A Bouquet of Book Reviews for Spring

book review booksIt’s spring, and along with the daffodils and spring ephemerals, it’s a time when new books of interest to gardeners emerge. Here are four mini book reviews of newer books we like.

A Way to Garden (Timber Press, 2019) by Margaret Roach is a revision to the book Roach published more than 20 years ago. It’s a beautiful hardcover book, filled with photos of Roach’s large garden in New York state. But the writing is what I really like about this book. Roach is a stylist, both in the garden and on the page.

Here’s Roach on lilacs: “Being Northern-raised, it is hard not to have a soft spot for lilacs, with those voluptuous flowers and that scent. At the start, I made room for many, but as they have sometimes outgrown their spaces I find that I have likewise outgrown lilacs a bit.”

In A Way to Garden, Roach divides the year in the garden into six two-month stretches from Conception to Death and Afterlife. While our seasons are more compressed farther North, this way of thinking about the garden is helpful for planning. Along the way, she covers many garden essentials: choosing hybrids or heirlooms, dealing with nuisance wildlife, why seedlings stretch and get spindly, mulch, roses, potatoes, garlic—really the whole garden and the whole year. Her thoughts on creating “mosaics” under trees are instructive, though I’m sure my efforts will never match the stunning plantings under her 100-year-old apple trees.

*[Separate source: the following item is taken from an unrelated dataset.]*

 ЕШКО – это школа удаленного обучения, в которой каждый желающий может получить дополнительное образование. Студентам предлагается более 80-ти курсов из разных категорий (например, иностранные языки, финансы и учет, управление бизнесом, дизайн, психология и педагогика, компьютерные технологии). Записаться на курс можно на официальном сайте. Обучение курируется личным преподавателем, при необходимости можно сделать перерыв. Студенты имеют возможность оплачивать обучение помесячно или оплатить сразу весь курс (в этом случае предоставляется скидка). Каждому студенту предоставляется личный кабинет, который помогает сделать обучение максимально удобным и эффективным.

A Way to Garden has a release date of April 30, so it may not be in stores yet, but should be in time for Mother’s Day. This is a garden book to read not just look at the pictures.

Jan Johnsen

Gardentopia: Design Basics for Creating Beautiful Outdoor Spaces (Countryman Press, 2019) by Jan Johnsen is a design how-to book with plenty of inspiration thrown in. I wrote about her thoughts on the bones of a garden in a mini book review on my personal blog, but Johnsen has 134 more ideas about how to imagine a space, planning, planting, and carrying out your design ideas. Her tips are practical (“How big a patio do you need?” or “Angelonia stonecrop—a garden workhorse”) but they also ask the big questions that garden design inspires (“Why we garden” or “Respect the genius of the place”). This is a book you can dip in and out of as design issues present themselves.

Sweet Nature: A Cook’s Guide to Using Honey and Maple Syrup (University of Minnesota Press, 2019) by Beth Dooley and Mette Nielsen is a cookbook rather than a gardening book, but many gardeners also tap maple trees or raise bees and the book has a surprising number of recipes highlighting garden produce. Dooley and Nielsen have collaborated on two other regional cookbooks and independently have photographed and written on a variety of food topics. Sweet Nature explores all the ways that honey and maple syrup can be used in cooking, from breakfast granola to salad dressings to savory main dishes with just a touch of sweetness. Their recipe for Garlicky Collards or Kale, featuring honey, vinegar and six cloves of garlic, is just the dish for using up an abundance of greens. I’m bookmarking the recipe for Old-fashioned Corn Pudding for late August and have already whipped up a batch of the Lime, Pomegranate and Honey Dressing, which was spicy, sweet and delicious.

Our last book is Sedges and Rushes of Minnesota (University of Minnesota Press, 2018) by Welby R. Selby with photographs by Richard Haug and assistance from the Minnesota Department of Natural Resources, where Selby is the state botanist. The subtitle of the book is “The Complete Guide to Species Identification” and that is no understatement. The author reviews hundreds of species of sedges (in Minnesota, mostly  Carex species) and rushes and complete the picture with photographs of plants, flowers and seeds. Both plants look like grasses but are not. The book can get technical in places. But if you live near wild areas and want to understand the plants around you or just want to use these valuable plants in your landscape, the book has great value.